**WHAT THIS TASK INVOLVES:**
Could you print the stretch of lines below from the one with "As another variation, I" through the one with "On Saturday evening, Mel", exactly as they stand and without any pictures?

**GIVEN ENTRIES:**
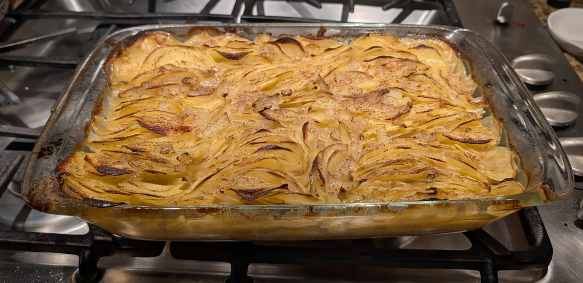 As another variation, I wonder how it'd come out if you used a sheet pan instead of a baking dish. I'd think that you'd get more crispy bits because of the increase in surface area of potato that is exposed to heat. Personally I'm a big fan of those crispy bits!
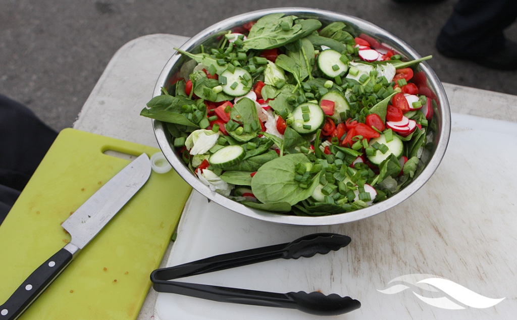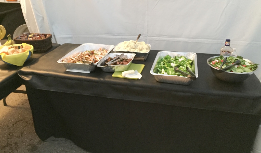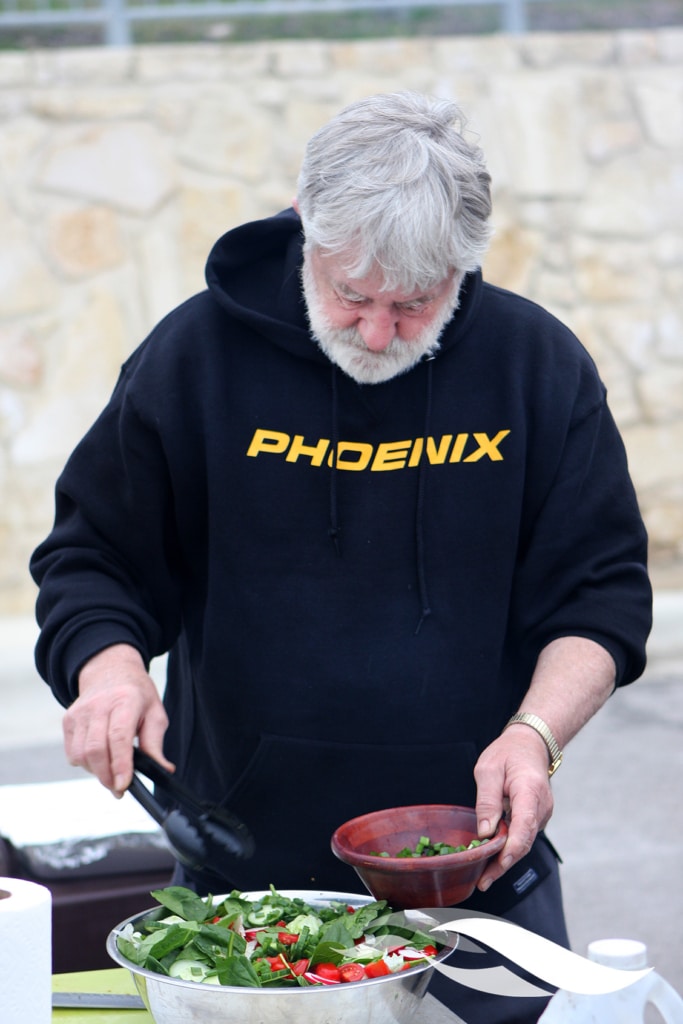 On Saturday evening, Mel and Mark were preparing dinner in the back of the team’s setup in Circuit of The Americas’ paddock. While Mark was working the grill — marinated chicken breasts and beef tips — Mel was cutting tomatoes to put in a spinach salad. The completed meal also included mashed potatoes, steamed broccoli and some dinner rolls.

--

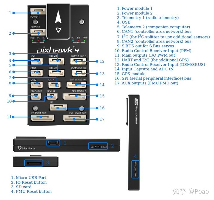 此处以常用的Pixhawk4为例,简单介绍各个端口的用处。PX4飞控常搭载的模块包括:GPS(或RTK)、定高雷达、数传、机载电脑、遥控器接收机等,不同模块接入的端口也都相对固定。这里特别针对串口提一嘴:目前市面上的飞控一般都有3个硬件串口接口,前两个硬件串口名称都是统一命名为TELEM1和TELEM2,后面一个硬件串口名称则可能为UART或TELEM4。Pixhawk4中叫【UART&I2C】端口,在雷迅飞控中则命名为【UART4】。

...

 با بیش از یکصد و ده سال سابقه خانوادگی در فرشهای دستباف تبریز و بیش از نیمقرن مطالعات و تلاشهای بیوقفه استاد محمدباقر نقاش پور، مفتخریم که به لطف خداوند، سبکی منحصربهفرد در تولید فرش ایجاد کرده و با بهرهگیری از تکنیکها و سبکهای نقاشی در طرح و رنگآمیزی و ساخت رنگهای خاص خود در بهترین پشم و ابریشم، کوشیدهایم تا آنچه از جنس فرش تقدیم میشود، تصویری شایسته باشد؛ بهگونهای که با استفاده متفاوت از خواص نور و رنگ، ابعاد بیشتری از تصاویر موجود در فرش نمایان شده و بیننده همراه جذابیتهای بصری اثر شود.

**RESULT:**
 As another variation, I wonder how it'd come out if you used a sheet pan instead of a baking dish. I'd think that you'd get more crispy bits because of the increase in surface area of potato that is exposed to heat. Personally I'm a big fan of those crispy bits!
 On Saturday evening, Mel and Mark were preparing dinner in the back of the team’s setup in Circuit of The Americas’ paddock. While Mark was working the grill — marinated chicken breasts and beef tips — Mel was cutting tomatoes to put in a spinach salad. The completed meal also included mashed potatoes, steamed broccoli and some dinner rolls.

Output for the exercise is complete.